## Input data
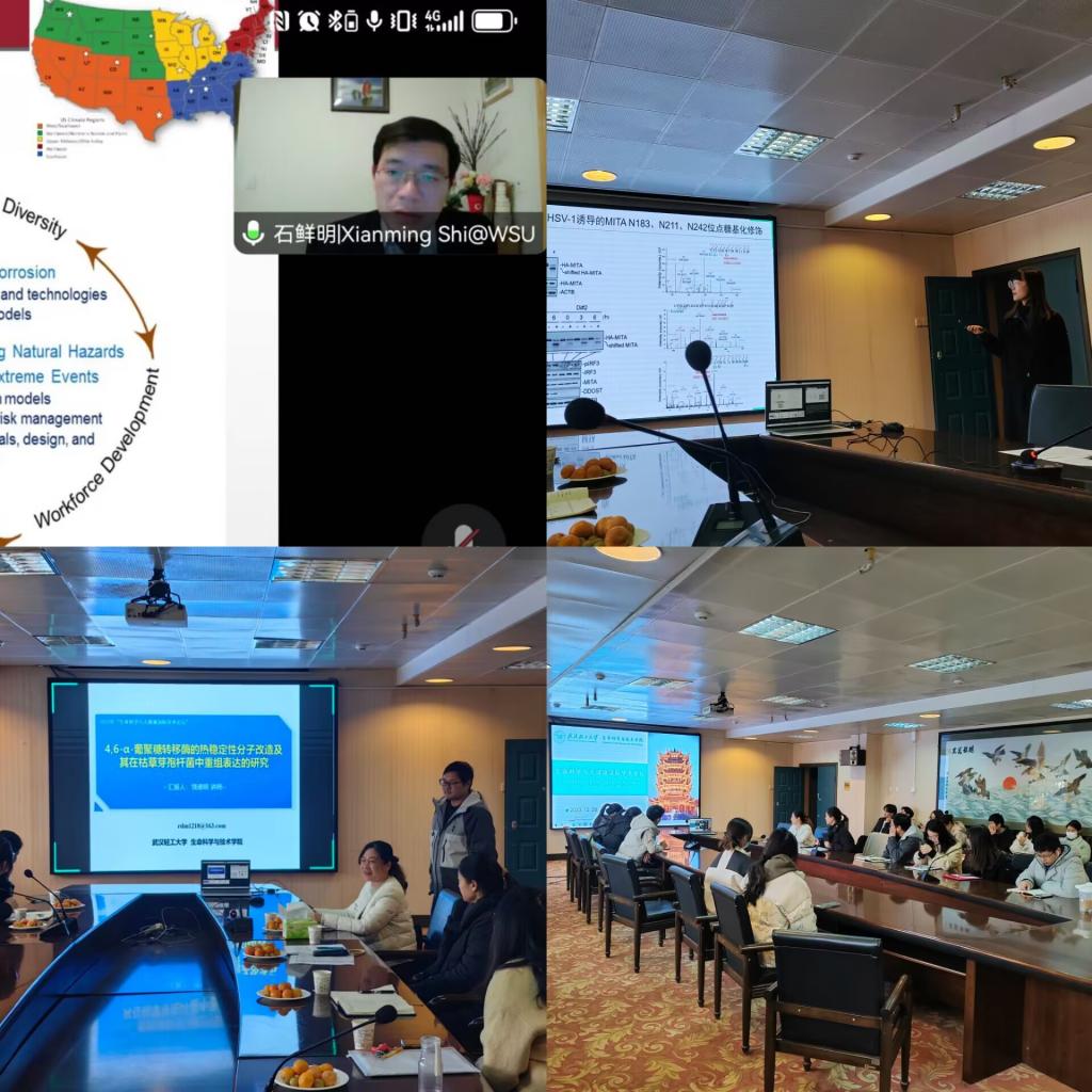韩国东亚大学的李善雨教授以“与细菌性青桔病抗性相关的番茄根系微生物组研究”为题进行了深入的阐述,强调通过了解植物根系样本中的微生物组,可以更精准的进行生物防控;美国华盛顿州立大学石鲜明教授分享了以“微生物学在可持续交通和韧性方面的应用”为主题的报告,重点介绍了微生物产品在改善道路结冰方面的应用;来自华中农业大学的博士研究生安立进则详细阐述了“睾丸酮丛毛单胞菌JL40中一种新型锑外排操纵子的鉴定及功能分析”;我院教师涂怡对“DDOST在cGAS-MITA/STING抗病毒天然免疫信号通路中的分子机制研究” 作了深入的分享;饶德明老师从“4,6-α-葡聚糖转移酶的热稳定性分子改造及其在枯草芽孢杆菌中重组表达的研究”方面进行了详细的阐述;韩笛老师报告了“循环恶性细胞基因检测和治疗的多功能核酸传递系统的研究”。两位研究生王明洁、吴蔚也分别作了相关的研究报告。整个会议期间,与会者积极互动,展开了热烈的学术讨论,学术讨论氛围十分浓厚。
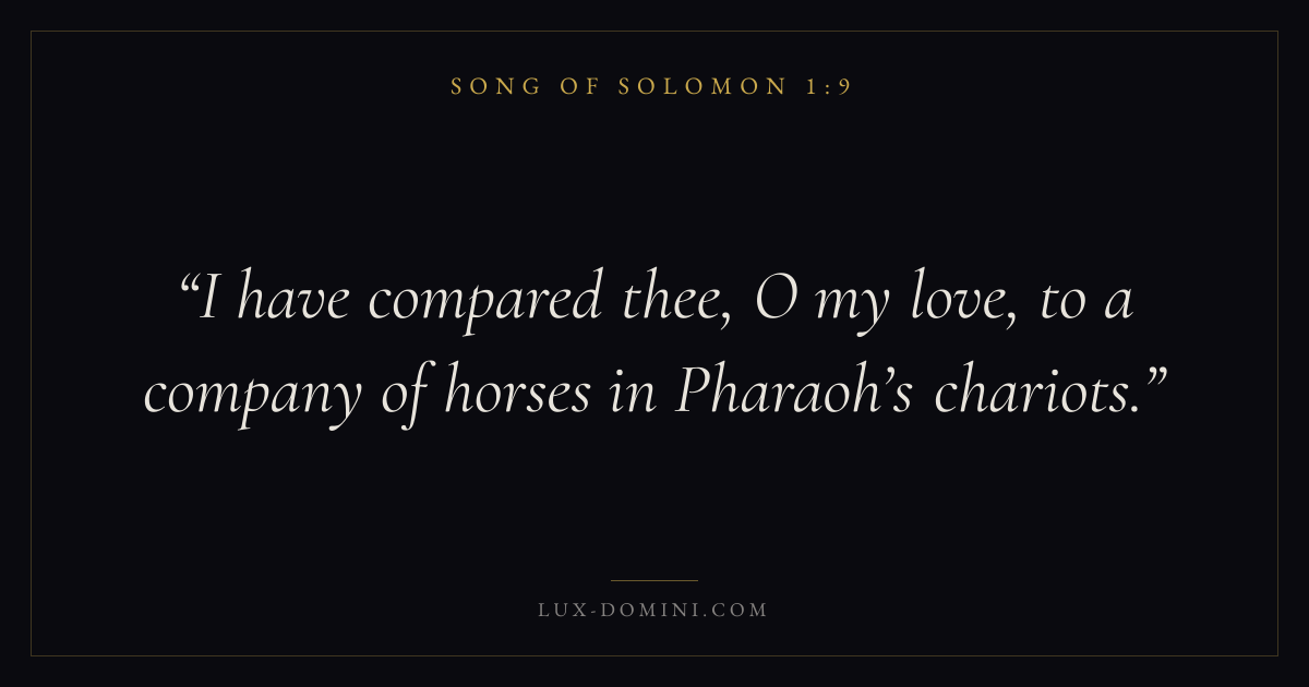 Books / Song of Solomon / Chapter 1 / Verse 9 ← Song of Solomon 1:8 Song of Solomon 1:9 Song of Solomon 1:10 → I have compared thee, O my love, to a company of horses in Pharaoh’s chariots. Download verse card Share on Twitter Share on Facebook Pin it ✦ Key themes LoveDesireBeautyUnion Read with Song of Solomon 1:8Song of Solomon 1:10John 3:161 Corinthians 13:4 Related topics Bible verses about love ✦ Song of Solomon Chapter 1 verses V. 1 V. 2 V. 3 V. 4 V. 5 V. 6 V. 7 V. 8 V. 9 V. 10 V. 11 V. 12 V. 13 V. 14 V. 15 V. 16 V. 17
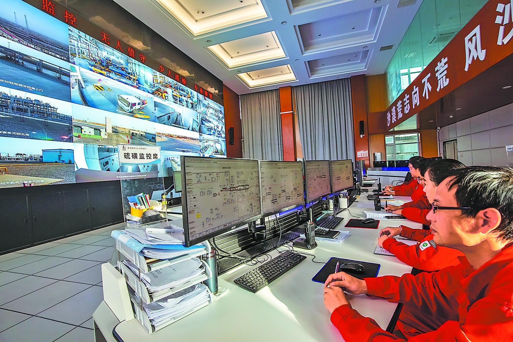 在顺北油田生产指挥中心,运行人员监控井站运行情况。 李学仁 摄
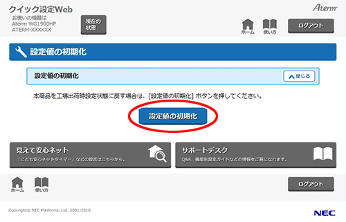 「メンテナンス」-「設定値の初期化」をクリックします。
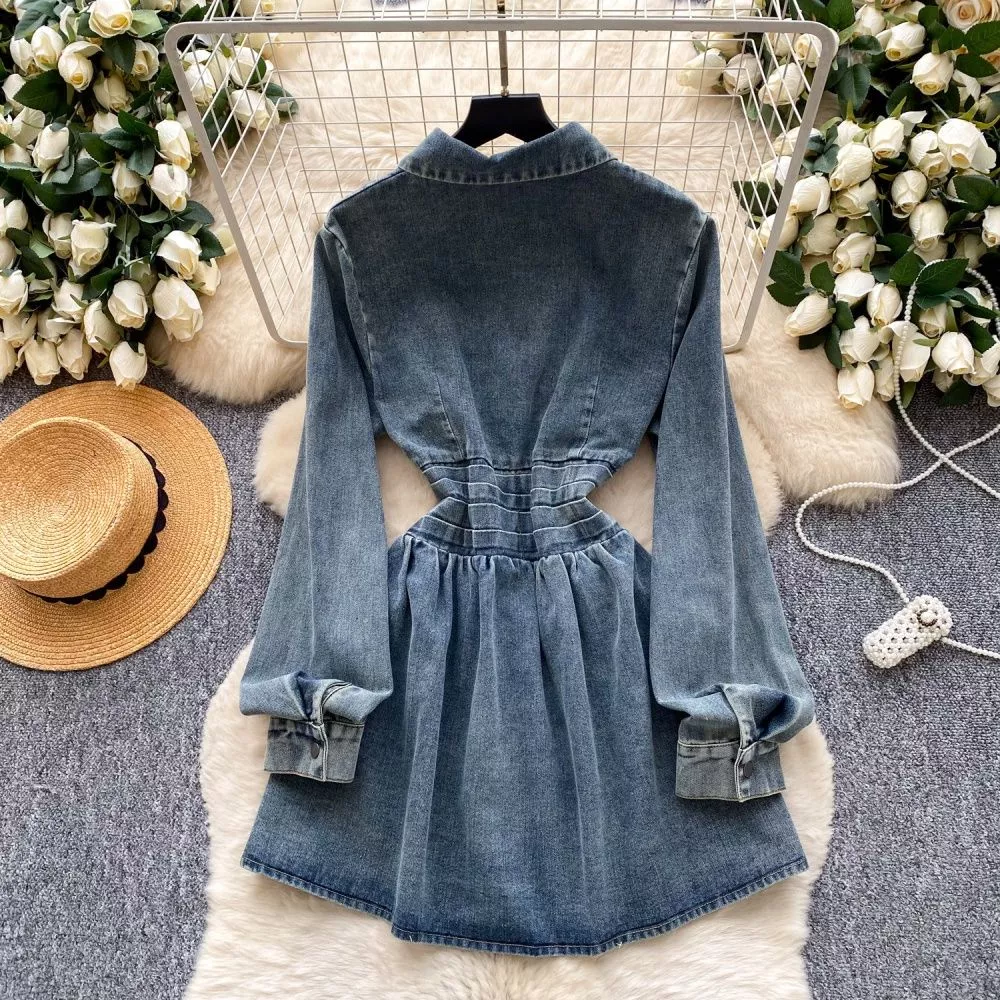 Camicia Abito Jeans Denim Donna Con Vita Sagomata E Taglio Svasato CF64952
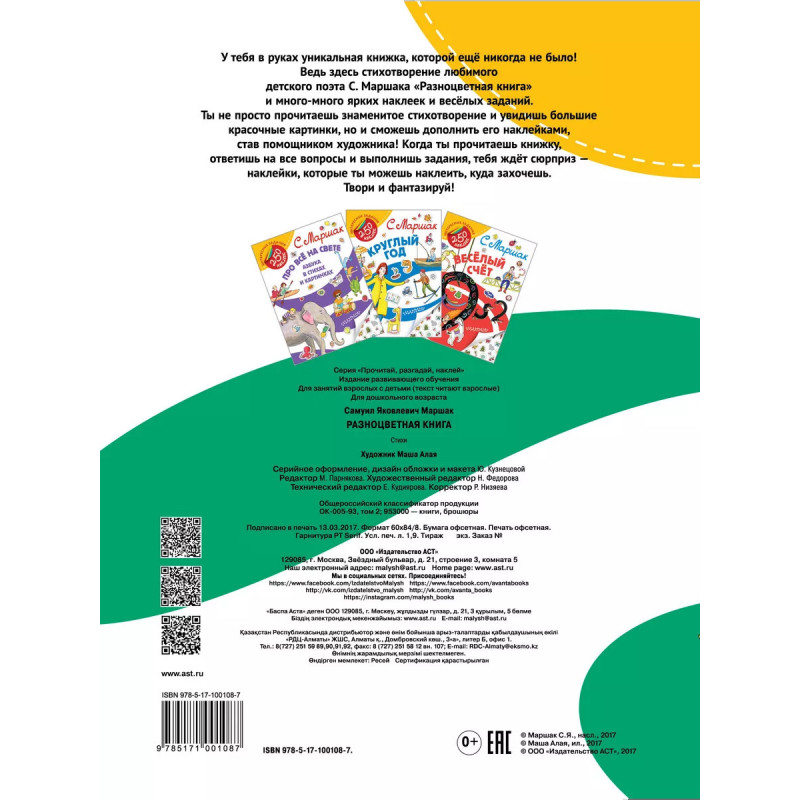 У тебя в руках уникальная книжка, которой ещё никогда не было! Ведь здесь стихи любимого детского поэта С. Маршака и много-много ярких наклеек и весёлых заданий. Ты не просто прочитаешь знаменитые стихотворения и увидишь большие красочные картинки, но и сможешь дополнить их наклейками, став помощником художника!
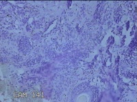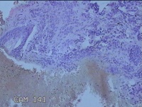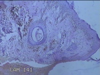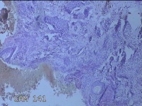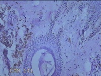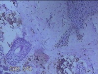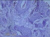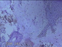 灰白暗红色肿物0.8x0.5x0.3cm一个,表面糜烂,起开肿物呈实性,切面灰白粉红色,质软。
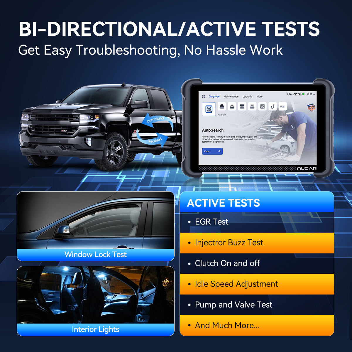 • ECU Coding, Bi-Directional test & 34+ Maintenance Functions: From battery checks to engine diagnostics, tackle all-in-one solutions—boost efficiency by 200%
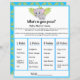 Use my elephant theme baby shower What's In Your Purse? game. Baby shower guests must search through their handbags and tally up the total amount of items on this list. The person with the highest score wins! Check out the rest of the selection of coordinating baby shower for more boy elephant baby shower items in the collection!
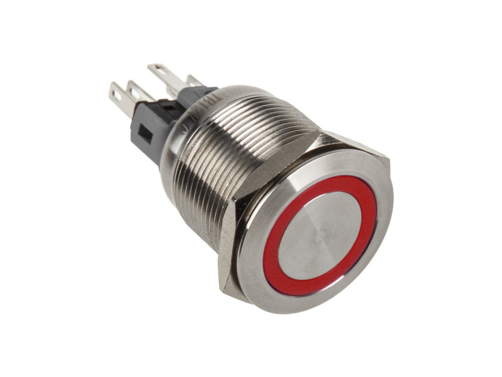 Tlačidlo sa inštaluje veľmi jednoducho pomocou závitu (22 mm) a tenkej šesťhrannej matice (24 mm). Elektricky je pripojené prostredníctvom normálne zatvoreného kontaktu a normálne otvoreného kontaktu, ako aj samostatného páru kontaktov na aktiváciu LED.
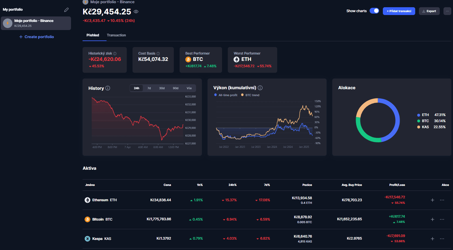 Sledovat můžete nejen kryptoměnové portfolio, ale také akcie, ETF nebo drahé kovy

## Goal of the exercise
A word-for-word copy of the entries above is needed, with every picture dropped.

## Solution for this problem
韩国东亚大学的李善雨教授以“与细菌性青桔病抗性相关的番茄根系微生物组研究”为题进行了深入的阐述,强调通过了解植物根系样本中的微生物组,可以更精准的进行生物防控;美国华盛顿州立大学石鲜明教授分享了以“微生物学在可持续交通和韧性方面的应用”为主题的报告,重点介绍了微生物产品在改善道路结冰方面的应用;来自华中农业大学的博士研究生安立进则详细阐述了“睾丸酮丛毛单胞菌JL40中一种新型锑外排操纵子的鉴定及功能分析”;我院教师涂怡对“DDOST在cGAS-MITA/STING抗病毒天然免疫信号通路中的分子机制研究” 作了深入的分享;饶德明老师从“4,6-α-葡聚糖转移酶的热稳定性分子改造及其在枯草芽孢杆菌中重组表达的研究”方面进行了详细的阐述;韩笛老师报告了“循环恶性细胞基因检测和治疗的多功能核酸传递系统的研究”。两位研究生王明洁、吴蔚也分别作了相关的研究报告。整个会议期间,与会者积极互动,展开了热烈的学术讨论,学术讨论氛围十分浓厚。
 Books / Song of Solomon / Chapter 1 / Verse 9 ← Song of Solomon 1:8 Song of Solomon 1:9 Song of Solomon 1:10 → I have compared thee, O my love, to a company of horses in Pharaoh’s chariots. Download verse card Share on Twitter Share on Facebook Pin it ✦ Key themes LoveDesireBeautyUnion Read with Song of Solomon 1:8Song of Solomon 1:10John 3:161 Corinthians 13:4 Related topics Bible verses about love ✦ Song of Solomon Chapter 1 verses V. 1 V. 2 V. 3 V. 4 V. 5 V. 6 V. 7 V. 8 V. 9 V. 10 V. 11 V. 12 V. 13 V. 14 V. 15 V. 16 V. 17
 在顺北油田生产指挥中心,运行人员监控井站运行情况。 李学仁 摄
 「メンテナンス」-「設定値の初期化」をクリックします。
 Camicia Abito Jeans Denim Donna Con Vita Sagomata E Taglio Svasato CF64952
 У тебя в руках уникальная книжка, которой ещё никогда не было! Ведь здесь стихи любимого детского поэта С. Маршака и много-много ярких наклеек и весёлых заданий. Ты не просто прочитаешь знаменитые стихотворения и увидишь большие красочные картинки, но и сможешь дополнить их наклейками, став помощником художника!
 灰白暗红色肿物0.8x0.5x0.3cm一个,表面糜烂,起开肿物呈实性,切面灰白粉红色,质软。
 • ECU Coding, Bi-Directional test & 34+ Maintenance Functions: From battery checks to engine diagnostics, tackle all-in-one solutions—boost efficiency by 200%
 Use my elephant theme baby shower What's In Your Purse? game. Baby shower guests must search through their handbags and tally up the total amount of items on this list. The person with the highest score wins! Check out the rest of the selection of coordinating baby shower for more boy elephant baby shower items in the collection!
 Tlačidlo sa inštaluje veľmi jednoducho pomocou závitu (22 mm) a tenkej šesťhrannej matice (24 mm). Elektricky je pripojené prostredníctvom normálne zatvoreného kontaktu a normálne otvoreného kontaktu, ako aj samostatného páru kontaktov na aktiváciu LED.
 Sledovat můžete nejen kryptoměnové portfolio, ale také akcie, ETF nebo drahé kovy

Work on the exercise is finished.